L'autore era un certo Harry Grey, pseudonimo di David Aaronson. Di lui poco o nulla si sa, pare fosse un vero gangster che ha raccontato la sua vera storia. Nel 1984 Sergio Leone trasformò il libro in un film, C'era una volta in America, un capolavoro del cinema con un cast di tutto rispetto. Robert De Niro era Noodles, James Woods Maxie. Le vicende si svolgono in un arco temporale crescente. I quattro sono bambini e imparano che per loro la vita sarà dura. Dai piccoli furti alle commissioni per il professore (in genere roba di droga). Le case in cui vivono sono fredde, i palazzi fatiscenti. Qualche puttana allieta le giornate in un sottoscala. Ma i quattro hanno la stoffa giusta, sono dei duri e arriverà anche per loro il momento non solo della crescita ma della consacrazione sul campo. La Combination, ovvero gli Stati Generali di tutta la mala newyorkese, li ingloba, affida loro l'Est Side e comincia a utilizzarli per le missioni più delicate. Il salto di qualità avviene, dalla gestione degli speakeasy alle sale giochi, ai bar, ai teatri. Il romanzo di Grey è uno spaccato straordinario di vite ed emozioni. È un quadretto poetico di una nazione fatta di e dai cattivi. Belli e dannati. Spietati e affascinanti. Il malaffare come via di riscatto da un destino di stenti. Il colore che predomina su queste pagine è il marrone. Della terra, del fango e dei completi kitsch da bullo. Poi il grigio dell'asfalto. Del fumo dei locali. Odori di fritto, olezzi di whisky, scarpe appena lucidate sui tavoli. Sesso e sudore nei bordelli o nei migliori alberghi pagati coi soldi sporchi. Donne che, come Dolores, cercano di fare quello che ogni donna vorrebbe provare a fare nella sempiterna società dello spettacolo che è nata molto prima di Guy Debord: la ballerina e poi l'attrice di Hollywood e che per questo pianta in asso Noodles che per tutta risposta la violenterà in macchina sotto lo sguardo incredulo del tassista (una delle scene più potenti del libro).

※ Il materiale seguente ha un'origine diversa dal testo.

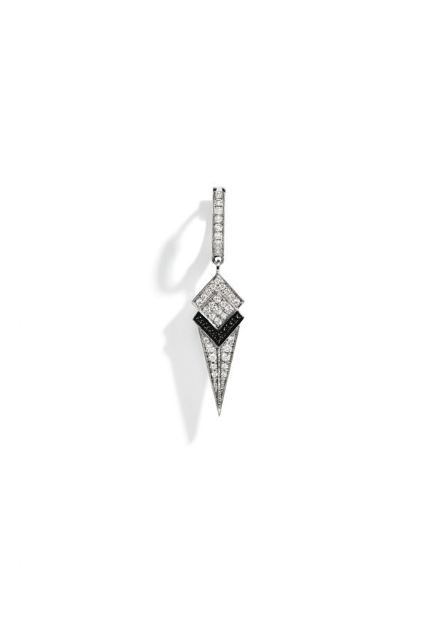 Aro Stairway Cono degradado de plata de primera ley con baño de rodio, engastado con 38 diamantes talla brillante calidad G-VS, con un total de 0,14 quilates y engastado con 7 diamantes negros talla brillante calidad G-VS, con un total de 0,03 quilates.Tamaño: 3 ,2cm x 0,8cm.
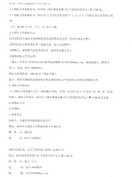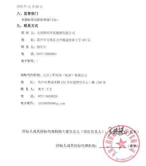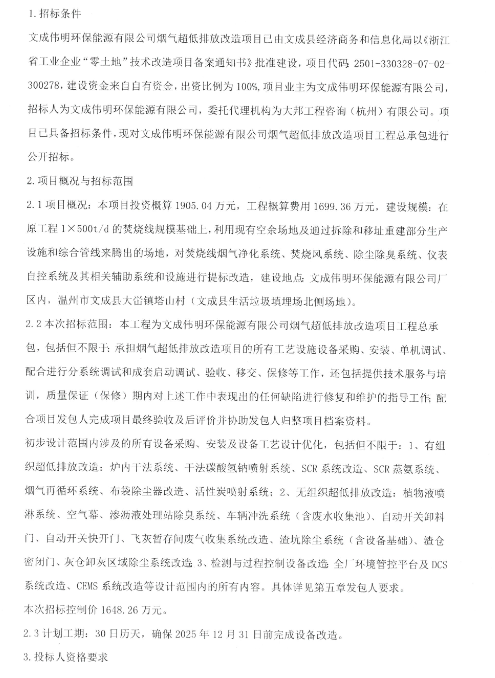 11月5日,文成伟明环保能源有限公司烟气超低排放改造项目工程总承包招标公告发布。

La scrittura di Grey è forte e virile. Ma nello stesso tempo straziante. A tratti esilarante. Questi sì che sono simpatiche canaglie, non quei criminali orrendi di Romanzo Criminale. Di questi non si fanno, né si sono fatte T-Shirt, né serie Tv né giochini o accendini da bar. Perché sono uomini veri. Con tanto d fegato e un cuore. Grey, ex gangster newyorkese, racconta uno spaccato reale di gente umana, che prima di ammazzare qualcuno ci pensava dieci volte, che se poteva aiutare un miserabile (come il vecchio scrivano del Casinò del New Jersey che vengono chiamati a liberare da un politico locale truffaldino e razzista) lo faceva. C'era una volta in America è una pietra miliare della letteratura di genere e ringraziamo la casa editrice Mattioli 1885 per averlo ritirato fuori. Perché ci ricorda che è esistita un'America che non era Wasp e che per affermarsi ha dovuto tirare fuori i denti e le unghie. Non è nemmeno l'America di Al Capone e dei tanti malavitosi siciliani o calabresi tanto cari agli Scorsese chic. È un'America in cui la mala si schiera coi sindacati contro i padroni (avete capito bene!) e assolda un esercito di buzzurri per spaccare teste a crumiri e sobillatori vari pagati dai padroni per far fallire gli scioperi (a Bersani e alla Finocchiaro farebbe bene leggerlo!). Da quel che vediamo oggi è un'America che non esiste più. Nemmeno sulle maniche di camicia arrotolate di un Obama in formato Goldman Sachs. O forse esiste ancora, ma solo nei sogni di chi, come il quartetto, un giorno pensò bene di provare a forzare la cittadella del potere di carta moneta, la Federal Reserve. Con risultati che ovviamente non vi diremo.